Secondly, the relevant provisions largely duplicate/re-enact the UK regime under the Data Retention (EC Directive) Regulations 2009 SI 859/2009 (“the 2009 Regulations”) that implemented the DRD.5 Indeed, the Government notes to the Bill state that the “legislation will mirror the provisions of the existing Data Retention Regulations, and create a clear basis in domestic law for the retention of communications data”. This was considered necessary to avoid data held by companies being deleted following the judgment in Digital Rights Ireland.6 Thus, the scope of the data to which retention obligations may apply under the relevant provisions is identical to that under the 2009 Regulations: (s.2(1) 2014 Act definition of ‘relevant communications data’). Just as was the case under the 2009 Regulations, under the new regime a telecommunications operator is only required to retain data when the Secretary of State issues a notice requiring it to do so, which may set out the extent to which the relevant data retention requirements are to apply: see Regulation 10 of the 2009 Regulations and s.1 of the 2014 Act. Importantly, retention notices adopted under the 2009 Regulations which were not revoked prior to the 2014 Regulations entering into force continue to have effect: Regulation 14 of the 2014 Regulations. Accordingly, in reality, the 2014 Regulations do little more than continue the regime that was intended to implement the DRD7. The DRD has been declared unlawful by the CJEU in Digital Rights Ireland, such that the original 2009 implementing measures (and the ‘notices’ issued thereunder) necessarily fail, as do the relevant provisions, which are in essence the same.8
The Government’s position is that “the new regime contains a series of safeguards that were not present in the Directive”: §4 Summary Grounds. In reality those safeguards are neither ‘new’ nor come close to meeting the objections of the CJEU to the DRD. Most obviously, as stated above, existing retention notices, which provide for widespread and systematic retention as mandated by the DRD, continue in force. Indeed, following the judgment of the CJEU the Government advised communications providers to carry on retaining data as required by the 2009 Regulations.9 ‘New’ safeguards have no relevance to that position; the mandatory requirements of the DRD are given effect by notices issued under the 2009 Regulations.

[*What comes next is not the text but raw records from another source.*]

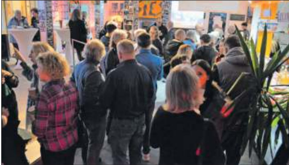
Rund 70 Gäste feierten das 25-jährige Bestehen der Jugendsozialarbeit Kernstadt der Waldhaus gGmbH im Jugendcafé Siesta in Leonberg.
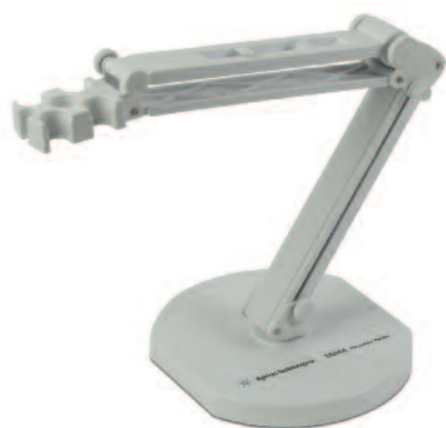
Portaelectrodo 3200EA, G4389A

A diferencia de los electrodos de membrana permeable de una sola capa, los electrodos de Agilent están fabricados con materiales multicapa que garantizan una mayor durabilidad. Además, también cuentan con una barrera específica para proteger la burbuja de vidrio contra rotura.
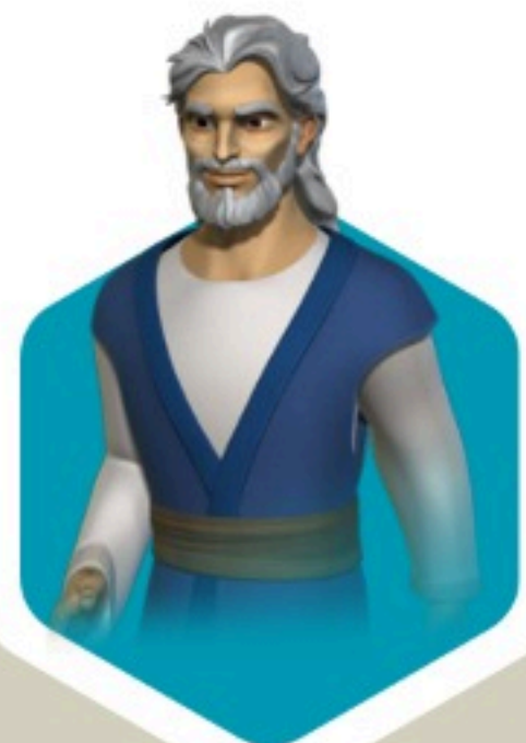
Abraham en Canaán (Gn 14)

En Génesis 14, Dios usó a Abraham para salvar a Lot de la confederación del mal. A lo largo de la historia, él ha usado personas para salvar a su pueblo.
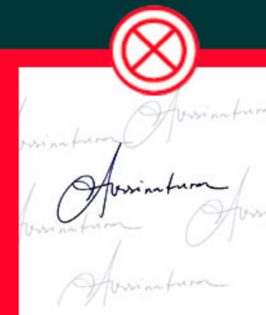
Com sombras ou marcas d'água
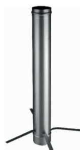
vložka s vystředovací objímkou
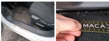
Intérieur, Tache, Nettoyer
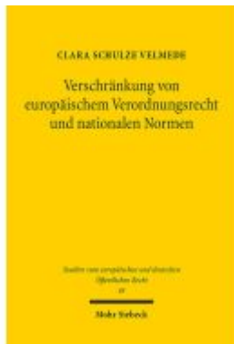
Verschränkung von europäischem Verordnungsrecht und nationalen Normen
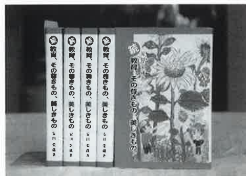
▲教え子の絵で飾られた表紙
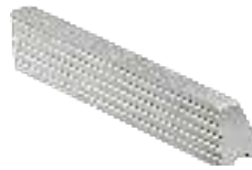
Ersatzbacken Jaws Mors d'échange
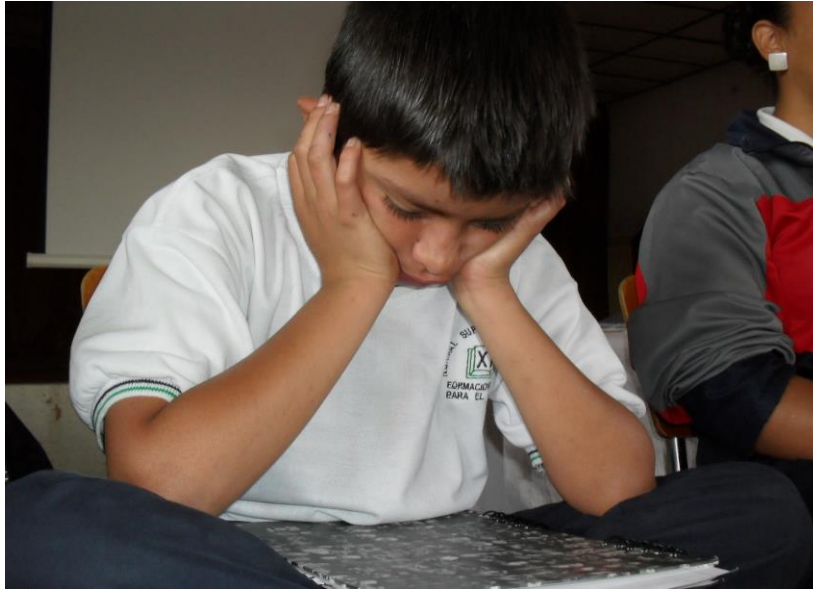
Foto 8: estudiante captando efectos sonoros. Abril 2010

Vemos entonces que los efectos de sonidos como elemento radiofónico permite al estudiante una actitud propositiva en colectivo, se asumen una actitud de pertinencia creativa, donde los sonidos cobran vida y la magia de corazones juveniles regocijan sonidos que convierten letras en ondas rítmicas y agradables para el oyente.
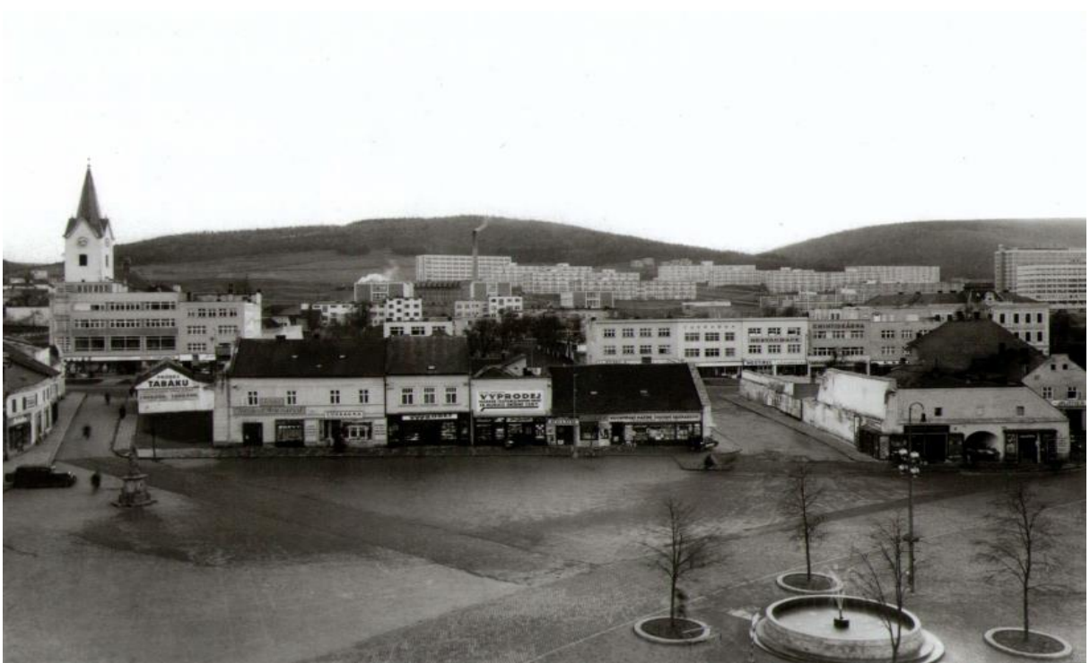
Obr. 1. Celkový pohled na jižní stranu náměstí Míru, 1937
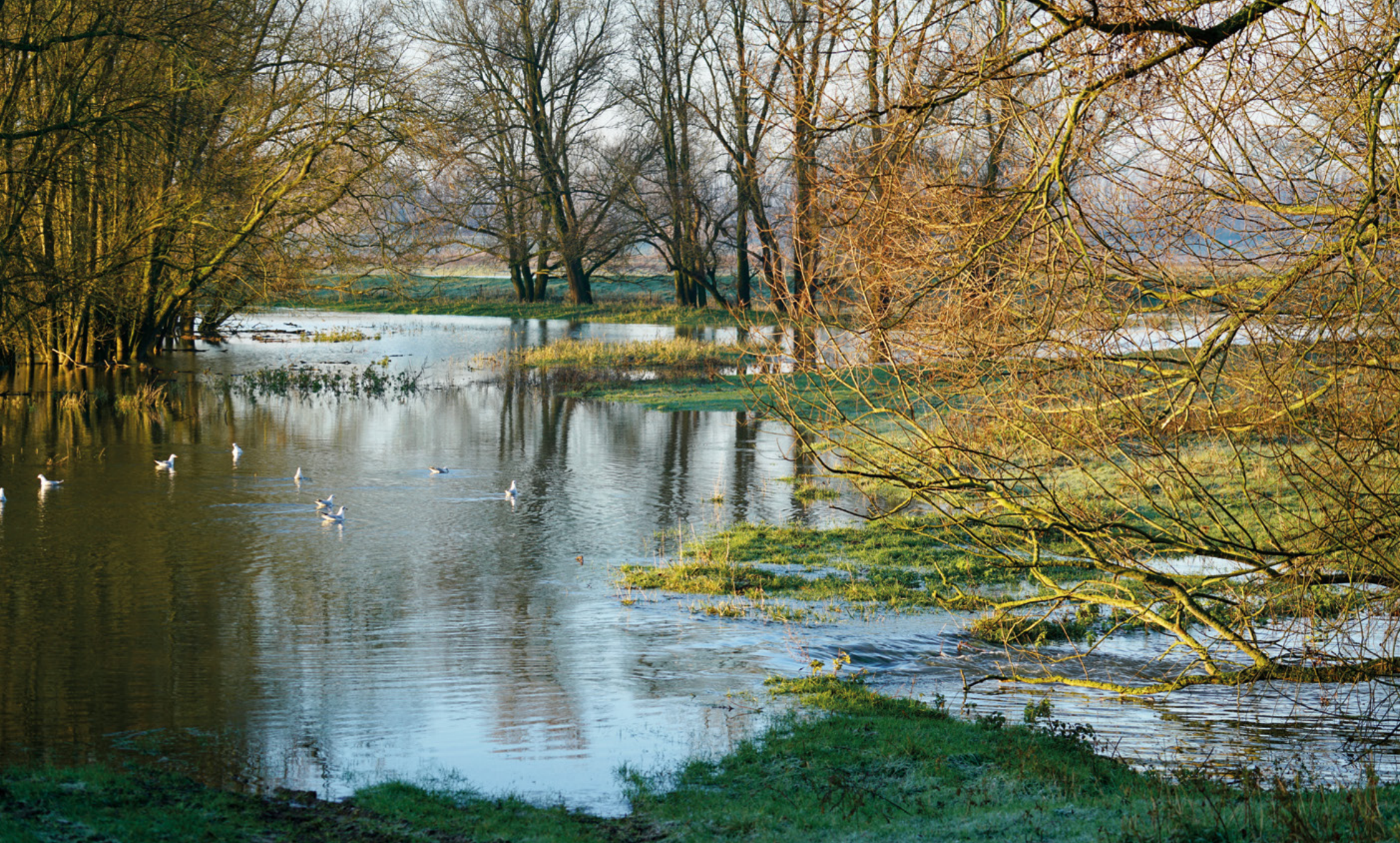
Hoogwater in oobos
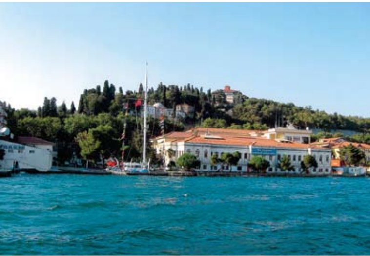
Άποψη της Χάλκης, η οποία είναι η τρίτη στη σειρά μετά την νήσο Πρώτη και την Αντιγόνη

As regards the safeguards said to be provided in the relevant provisions (set out in §§7-8 Summary Grounds), these do not meet the criticisms of the CJEU in Digital Rights Ireland. Most importantly, they fail entirely to specify restrictions on the S/S’s entitlement to issue a retention notice. The new regime does not lay down the clear and precise rules that the CJEU has said are needed to govern the scope and application of the measure in question and to impose minimum safeguards: §§54-55, 65 Digital Rights Ireland. In particular, there is nothing in the relevant provisions that requires a retention notice issued by the Secretary of State:
a) to be person- or crime- specific. Indeed there is no obligation on the S/S to satisfy herself that there is any connection (even indirect) between the person whose data is being collected and a situation which is liable to give rise to criminal prosecutions. The data retention obligation in the notice not only can but, having regard to the stated purpose behind the legislation, is likely to capture the data of persons for whom there is no evidence capable of suggesting their conduct might have a link, even an indirect or remote one, with a serious crime, which the Court explicitly criticised: §58 – 59 Digital Rights Ireland.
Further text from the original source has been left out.